Practical use: if a column is classified heavy_tailed, default to mad_outlier_fraction over zscore_outlier_fraction (Z-score assumes Gaussianity and produces false positives on heavy tails).


8. Granger causality inference

Once you have a panel of metric time series (e.g. daily revenue, session count, ad spend, churn rate), dqt can run Granger pairwise causality to discover which metrics predict others with a lag.

import pandas as pd
import numpy as np
from dqt.causality.granger import granger_pairwise
from dqt.store._protocol import CausalityReport
from datetime import datetime

rng = np.random.default_rng(0)
n = 120  # 120 days of data

ad_spend    = rng.normal(1000, 100, n)
gig_views   = 0.4 * np.roll(ad_spend, 1) + rng.normal(5000, 200, n)
bookings    = 0.3 * np.roll(gig_views, 2) + rng.normal(300, 30, n)
daily_rev   = 150 * bookings + rng.normal(0, 5000, n)

panel = pd.DataFrame({
    "ad_spend": ad_spend,
    "gig_views": gig_views,
    "bookings": bookings,
    "daily_revenue": daily_rev,
})

report = granger_pairwise(panel, max_lag=4)

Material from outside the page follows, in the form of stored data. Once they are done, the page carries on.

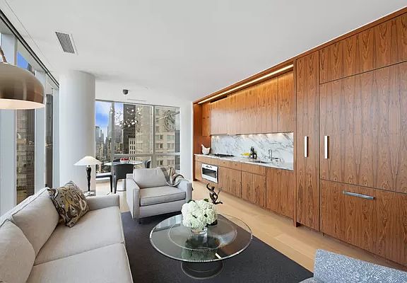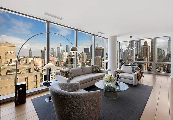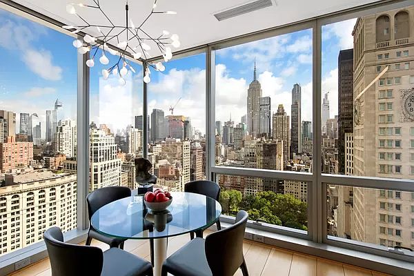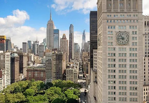 Turnkey Corner 2-Bedroom with Cinematic Skyline Views Perched at the nexus of Flatiron, Gramercy, NoMad and Chelsea is this rarely available corner two bedroom, two bath residence spanning 1,328 square feet with triple exposures. Its unique features include floor-to-ceiling walls of windows affording unobstructed iconic Manhattan skyline views overlooking Madison Square Park and the Empire State Building. The ideal residence for Pied-a-terre or Primary use. Be greeted by the expansive 26-ft living/dining room, affording the ideal spot to entertain and enjoy the breathtaking, panoramic sunset views. The open kitchen is replete with burled custom Luoro Preto Rosewood cabinetry, and Carrara Marble, integrated with Gaggenau appliances. The thoughtfully designed split bedroom layout features the north-facing primary suite overlooking the Empire State Building and Madison Square Park complete with the en-suite bath evoking spa-like features clad in Italian travertine and a Carrera marble countertop double vanity, deep-soaking tub, and separate shower. The south-facing corner second bedroom showcases panoramic city and river views with ample storage throughout. Adorned in 9-foot wide solid quarter sawn white oak floor, this home boasts approximate 10-foot ceilings, Bosch washer/dryer, Central heat/AC, Lutron lighting, and multi zoned Nest thermostats. Automated window shades have been fully installed throughout the apartment. A private storage bin conveys with sale. One Madison at 23 East 22nd Street is a 60-story bronze glass-clad tower, designed by award-winning architect CetraRuddy. Residents enjoy 10,000 square feet of world-class amenities designed by Yabu Pushelberg. This includes a full-time doorman and concierge, great room with lounge and dining room, parlor room, screening room, and a butler-staffed catering kitchen. The Spa & Fitness Level hosts a state-of-the-art fitness center, yoga room, indoor pool, spa with glass-enclosed steam room, and children's playroom. Conveniently located near Fifth Avenue boutique shopping, fine dining, and entertainment.
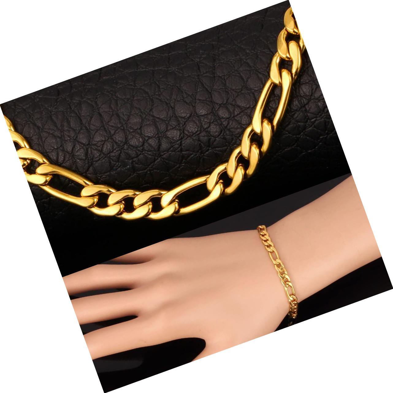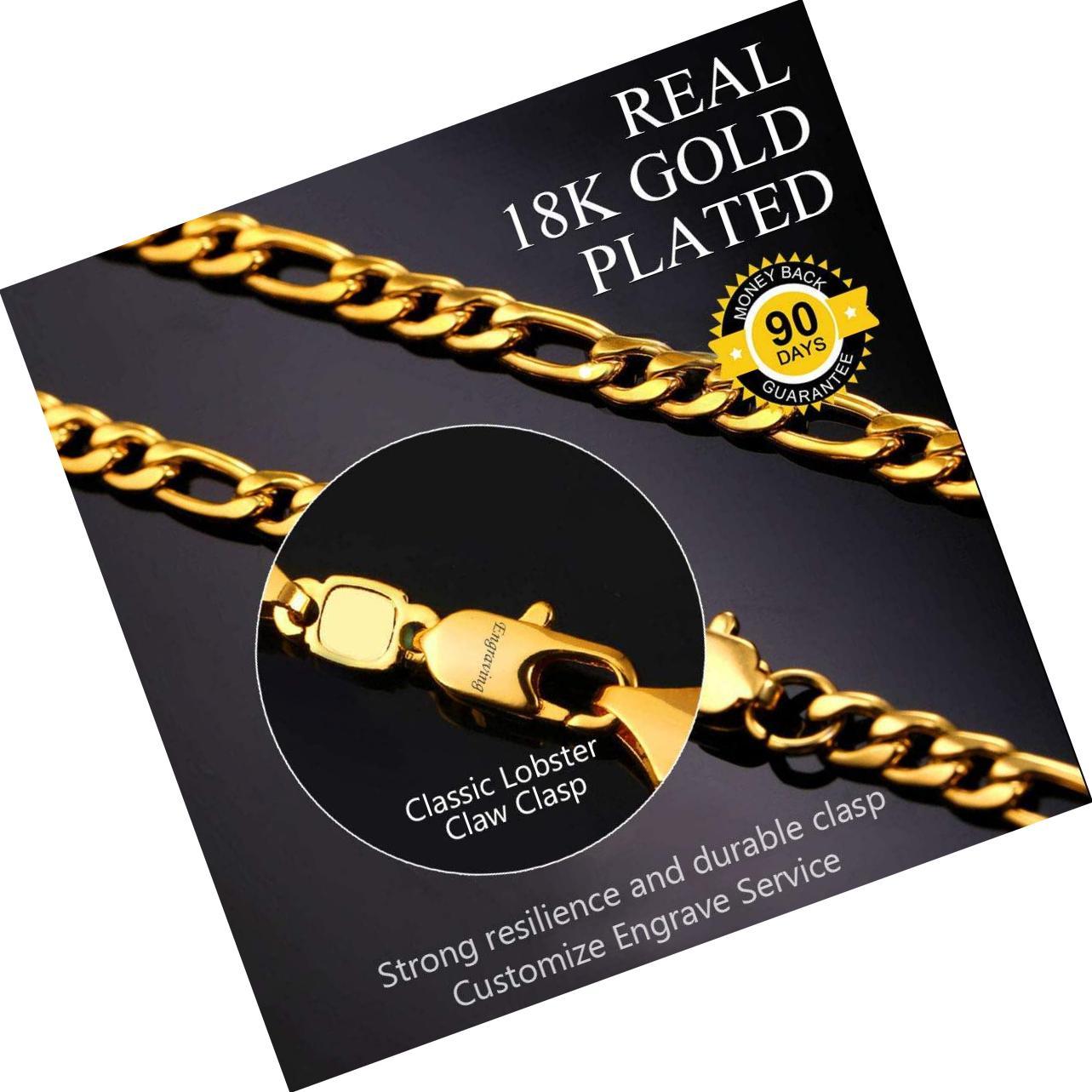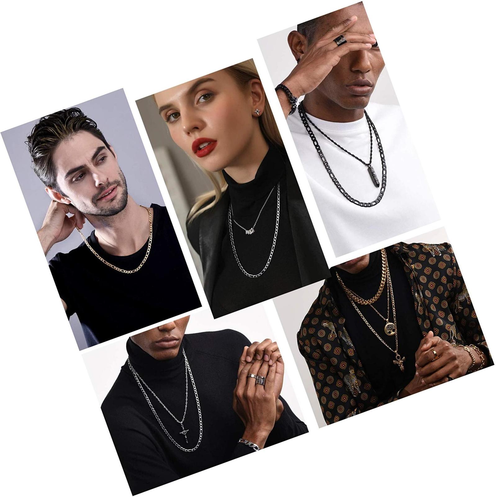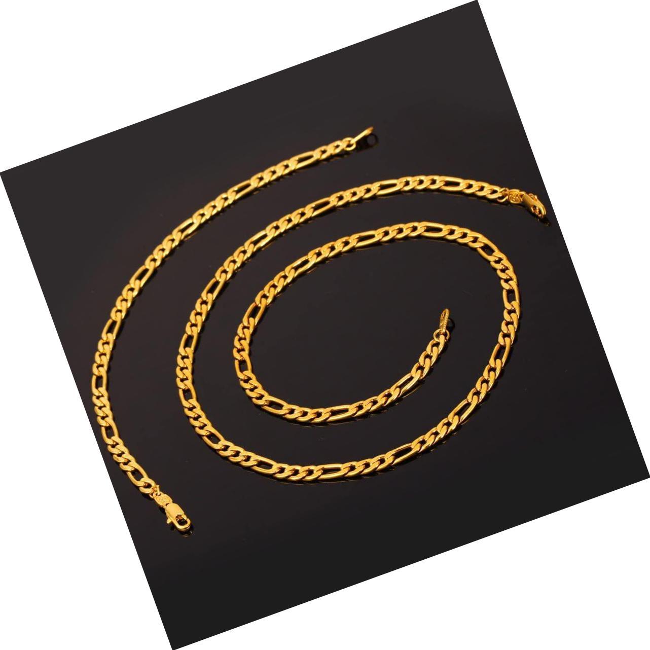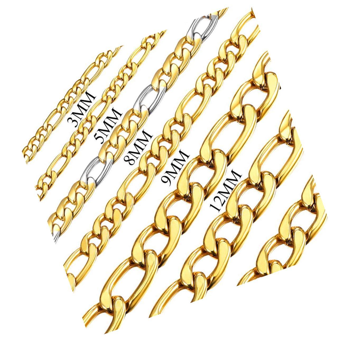 - Figaro Chain, Twisted Rope Chain, Men Stainless Steel 18K
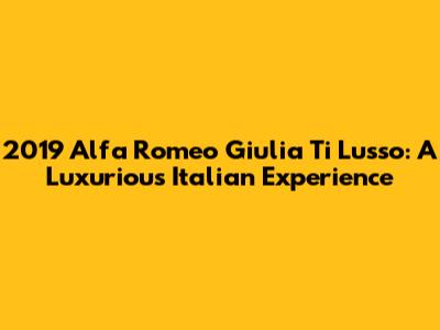 Hey everyone! Today, we're diving deep into the 2019 Alfa Romeo Giulia Ti Lusso. This Italian beauty isn't just a car; it's a statement. It's about passion, performance, and a touch of la dolce vita. If you're looking for a luxury sedan that stands out from the crowd, the Giulia Ti Lusso deserves your attention. So, grab a coffee (or an espresso, if you're feeling authentic), and let's explore what makes this car so special.
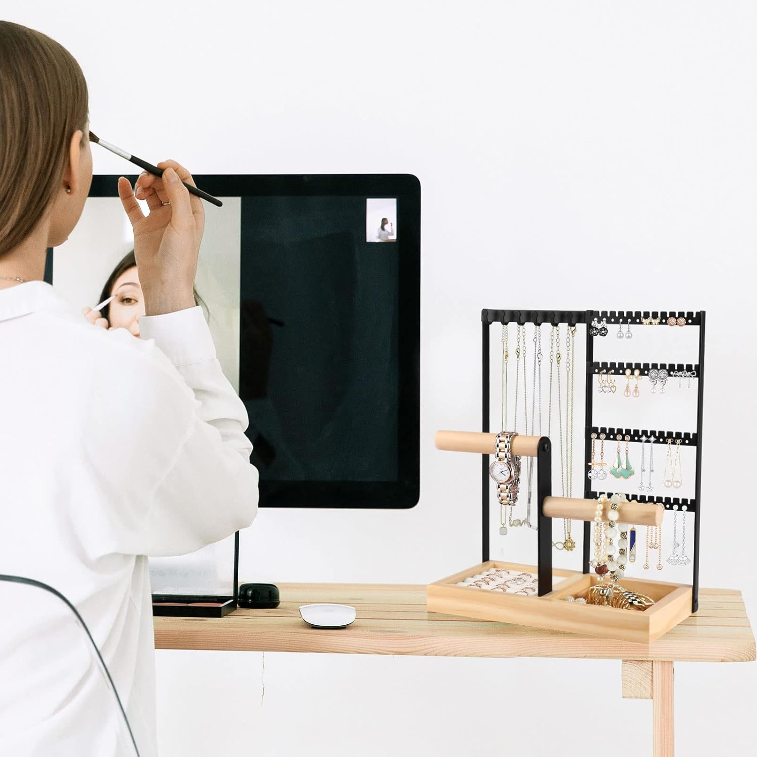 - Schmuck-Organisator : Unser Schmuckständer ist so konzipiert, dass er die Halsketten, Ohrringe, Armbänder und Ringe auf Ihrem Tisch zusammenfasst, um den Tisch sauber und ordentlich zu halten. Die systematische Anzeige unseres Schmucks spart uns Zeit
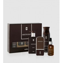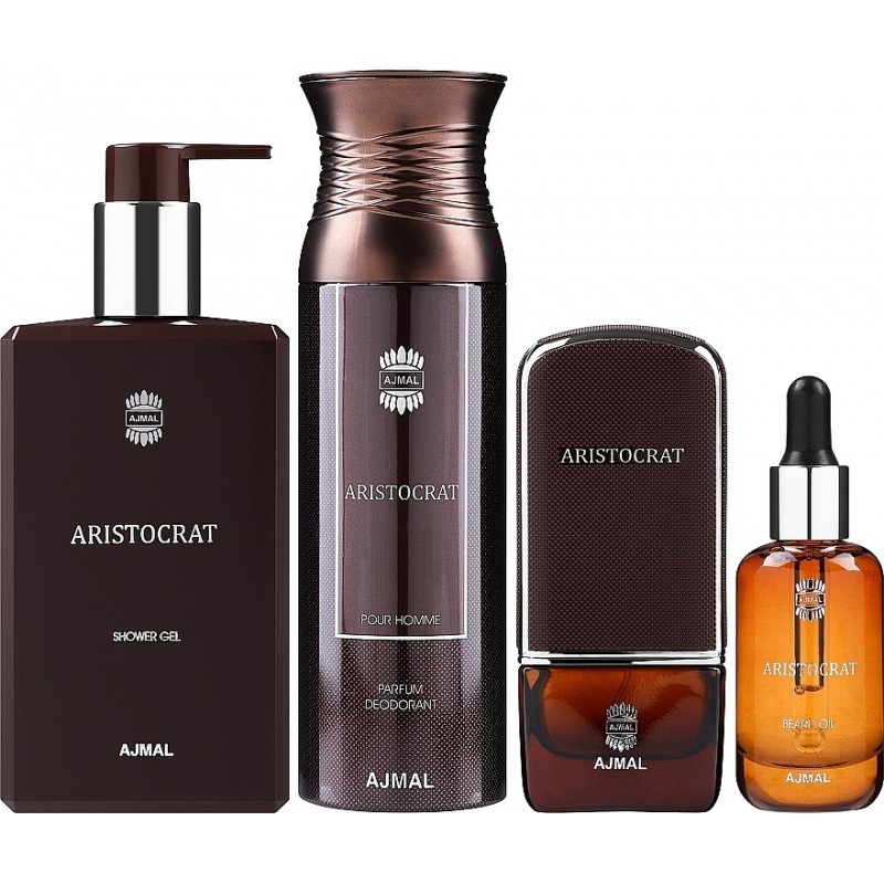 Set Cadou Ajmal, Aristocrat, apa de parfum, deodorant, gel de dus, ulei de barba, de barbat Parfum sofisticat care dezvăluie măreție, putere și eleganță. Parfum statutar și nobil care ajută la evocarea succesului social, este destinat bărbaților care doresc să se bucure de ingrediente nobile și puternice. Bergamota proaspătă și citrică cu pepene verde se scufundă în moscul care îmbrățișează inima pentru a se așeza pe o bază lemnoasă de chihlimbar care întruchipează luxul decadent cu o amprentă de lungă durată și îndrăzneață. Setul contine Apa de parfum 75 ml Gel de dus 200 ml Deodorant spray 200 ml Ulei de barba 30 ml
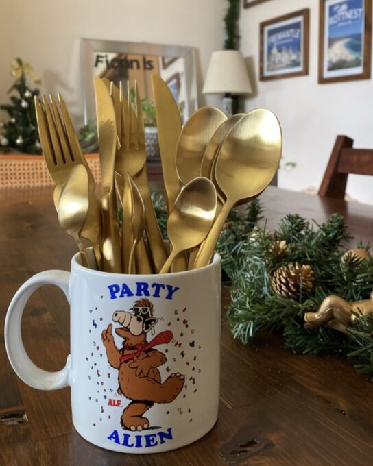 今回使ったこのゴールドのカトラリーはもう5年くらい前にオーストラリアの多分TARGETとかで買ったやつなの。普段はぼぼ使わないから出番はだいたいこの季節。これを食器とかと一緒に収納しているんだけど、これはアルフのマグに入れているのね。いつもは見えないところにあるんだけど、そこにもかわいいが沢山あってわたしの自己満空間。
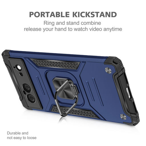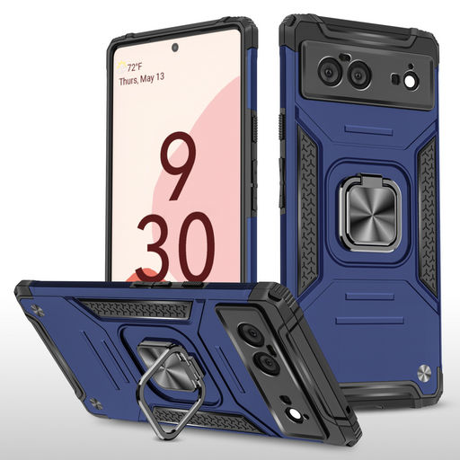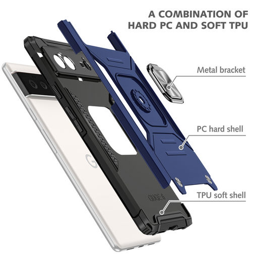 Shockproof Protective Armour Case With Rotating Ring Holder - Blue

for edge in report.significant_edges:
    print(f"{edge.cause}{edge.effect}  "
          f"lag={edge.selected_lag}  "
          f"F={edge.f_statistic:.1f}  "
          f"evidence={edge.evidence_strength}")
# gig_views → bookings   lag=2  F=47.3  evidence=strong
# ad_spend  → gig_views  lag=1  F=21.8  evidence=strong
# ad_spend  → bookings   lag=2  F=7.6   evidence=moderate

Key things to know:

  • The function runs BH-FDR correction across all tested pairs — this is not a simple p < 0.05 cut (which would have ~5% false positive rate when testing 20 pairs).
  • differenced=True on an edge means the series was auto-differenced to achieve stationarity before testing.
  • confounder_candidates lists metrics Z such that both Z→X and Z→Y are significant — a reason to be cautious about interpreting the X→Y edge causally.
  • Edges are hypotheses, not facts. In production, every edge goes through a human review queue before entering the confirmed DAG.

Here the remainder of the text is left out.